In March 1975, Massino was arrested along with of one of his hijackers, Raymond Wean, and charged with conspiracy to receive stolen goods. He was scheduled to go on trial in 1977, but the charges were dropped after he successfully argued that he had not been properly mirandized, disqualifying statements Massino had given to police from being used in trial.
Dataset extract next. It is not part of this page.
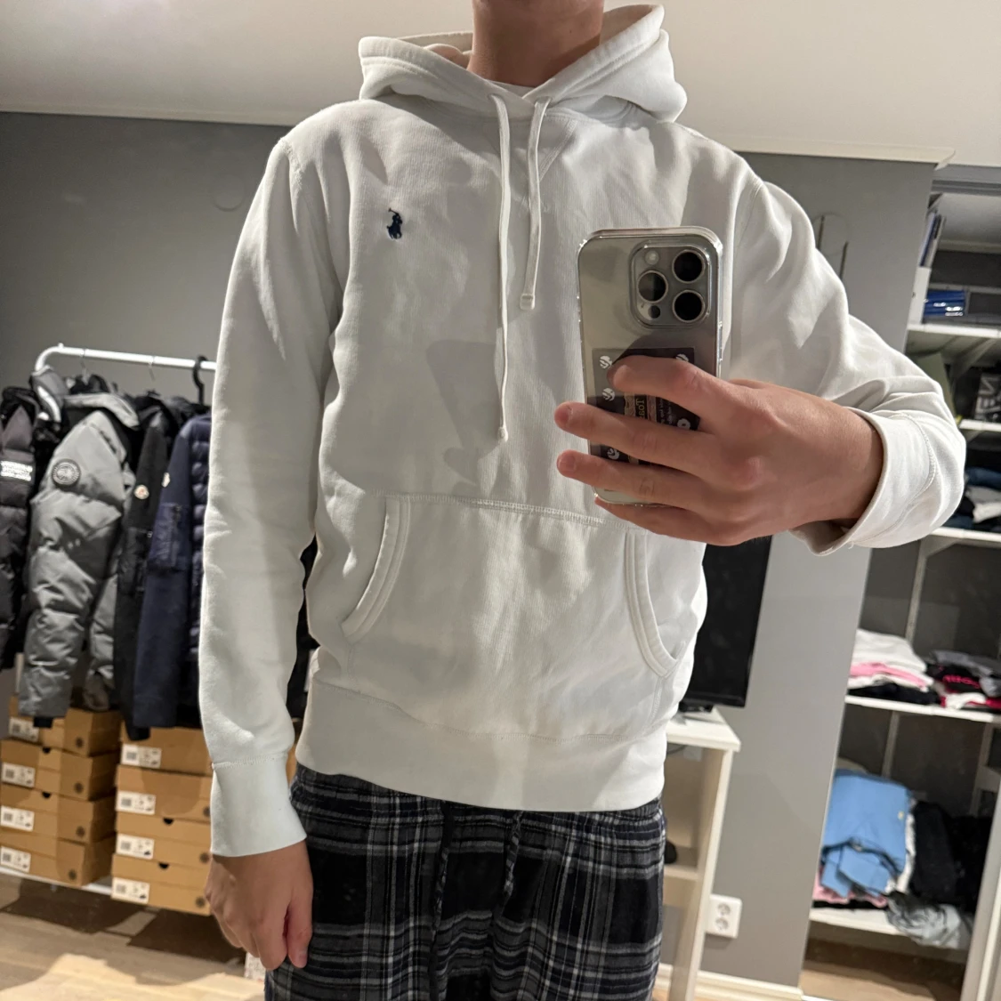 Säljer denna riktigt feta raffe Hoodien i bra skick. Enda defekten är en liten fläck som knappt syns vid användning (bild 5). Hoodien är äkta och kan bevisas med QR kod vid nacken. Pris kan diskuteras vid snabb affär!

On June 14, 1977, Massino was inducted into the Bonanno family along with Anthony Spero, Joseph Chilli Jr. and a group of other men in a ceremony conducted by Carmine Galante. He worked as a soldier in James Galante's crew, and later in the crew of Philip "Phil Lucky" Giaccone. Massino nevertheless remained loyal to Rastelli, then vying to oust Carmine Galante despite his imprisonment. Fearing Galante wanted him dead for insubordination, Massino delivered a request to the Commission on Rastelli's behalf to have Galante killed. The hit was approved and executed on July 12, 1979; Rastelli subsequently took full control of the family and rewarded Massino's loyalty by promoting him to caporegime.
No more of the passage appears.